Now I know that if I force the evaluation of x inside my function f,
that the behaviour will change, i.e., b[[1]]() will return the value 1
etc. But could some knowledgeable person please tell me how the lazy
evaluation as implemented in R results in, what I preceive to be, a
very strange behaviour when using lapply as above? I thought that
lapply calls f three times and returns a list with whatever f
returned.

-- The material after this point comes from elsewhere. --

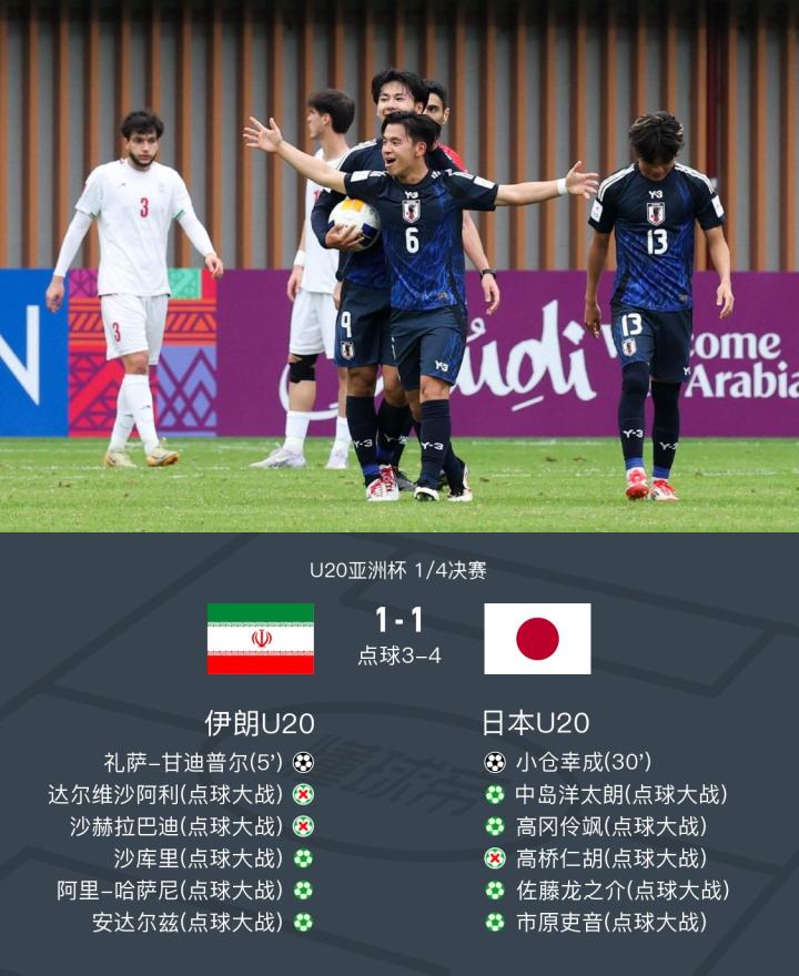 U20日本5-4点杀伊朗U20晋级4强,市原吏音罚入制胜点球

Is this not so?

That is so.  In each case, f creates a function that looks in its 
enclosing environment for the variable x to be returned.

That enclosing environment is the evaluation frame of f, where x is the 
argument being passed.

But x is never used in evaluating f, so the promise to evaluate x is 
never forced until you finally call one of those functions.

That means x will refer to some internal variable in lapply (which 
sapply calls).  You'll have 3 different promises to evaluate it, but 
they all evaluate to the same value.

You will get the result you want by forcing evaluation of x in f.  Then 
the three promises get evaluated before the internal value gets changed.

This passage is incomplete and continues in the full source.